When one door closes, another opens.
-- Cervantes, Don Quixote
I respectfully disagree, Bob, as simulator trading on a live account is not a speculative claim with multiple or most of these companies, i.e., OneUp, E2T (LivesSim accounts) and LeeLoo.
LeeLoo says it like this on their FAQ:
I'm just saying it wouldn't surprise me one bit if TST does the same. I have some other information on this, but as it's speculative I'll keep it to myself and rather post it later tonight if I can verify it.
I really hope so, too. TopStep's been around forever and does strike me as the most serious of these firms, BUT, it doesn't change my opinion of them like the rest of the companies like I stated earlier. I have zero reason or evidence to believe they actually want to fund or back a trader. Just see the new profit withdrawal rules. If you're finally making money after getting funded they're making it difficult for you to take it out. Just increasing the chances that you'll blow up before you'll able to pull some money out of them.

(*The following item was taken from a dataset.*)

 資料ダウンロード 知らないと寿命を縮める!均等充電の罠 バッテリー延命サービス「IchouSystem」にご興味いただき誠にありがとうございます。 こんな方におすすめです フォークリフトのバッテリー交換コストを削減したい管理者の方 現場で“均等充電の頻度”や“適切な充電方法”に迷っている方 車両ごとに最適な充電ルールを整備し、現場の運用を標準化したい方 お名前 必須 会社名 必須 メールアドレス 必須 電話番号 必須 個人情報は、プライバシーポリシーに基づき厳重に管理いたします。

Also, as soon as you withdraw your OWN profits - there's no backing. You're always risking your own profits, never the firms. At no point will they give you a big pay day and say that you'll continue to trade FIRM capital as you're such a good trader.
If anyone knows a trader who's become a big trader and is actually backed by these companies, please let me know. I'd be surprised to hear it.

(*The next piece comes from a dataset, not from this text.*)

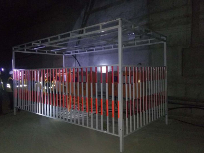 頂端可以掛注意安全等條幅,護欄上貼反光膜或刷漆,起到警示的作用。全套LOGO文字可定做,頂棚彩鋼板,頂部四面噴繪布標語,。焊接牢固,結構穩固,多種尺寸規格可定做。

I absolutely agree, and if it hasn't been made clear so far, I think this is a matter @Topstep should take very seriously. A company only has their good name, ultimately, and if it is tarnished they have nothing.

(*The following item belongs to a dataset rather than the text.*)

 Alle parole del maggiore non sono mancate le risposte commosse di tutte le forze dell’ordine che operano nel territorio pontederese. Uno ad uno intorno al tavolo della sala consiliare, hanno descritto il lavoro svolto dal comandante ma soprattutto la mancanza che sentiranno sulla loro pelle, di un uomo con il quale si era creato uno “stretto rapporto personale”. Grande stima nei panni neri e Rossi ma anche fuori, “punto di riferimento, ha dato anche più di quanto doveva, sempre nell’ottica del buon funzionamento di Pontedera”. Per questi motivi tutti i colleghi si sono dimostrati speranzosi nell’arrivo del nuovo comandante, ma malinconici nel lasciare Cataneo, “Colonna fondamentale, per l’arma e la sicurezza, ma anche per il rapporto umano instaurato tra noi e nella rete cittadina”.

So far, it looks as though a rule change was made and applied retroactively to a situation that existed before the change, and that was not in violation of any rule at the time. @Topstep may have their reasons for the rule, and for applying it as they did, but it is troubling that they did it so far after the fact, at least according to the emails that have been furnished. Pretty much all the comments so far have reflected a concern about how it was applied after the rule change to a situation from before the change was made.
If @Topstep disputes the facts, or their interpretation, they can do so.
Let me repeat the invitation to @Topstep to come in and make clear to members what their stance is on this, and to answer these concerns.
If @Topstep does not consider this as at least a major PR flub, they may want to rethink it. Potential and actual customers want to know what they can count on, and to know that the terms will not be changed in mid-stream and applied retroactively to them. @SBtrader82, quoted above, has been a strong supporter of TopStep on this forum and has been funded by them, and his concerns should not be taken lightly, as representative of how this is perceived.
Aside from this question, there is a simple fairness question as it was applied here.
If the company concludes, on reflection, that this was a mistake, it would not be a terrible thing to say so. Everyone makes mistakes, and what you do about them is what matters. If they want to stand by it, they should explain why, in these particular circumstances, so that traders can understand and perhaps make informed decisions based on this.
Edit: and let me add that I agree that they should respond here, once they have had a chance to look this thread over. See my later post on the subject.
Bob.
When one door closes, another opens.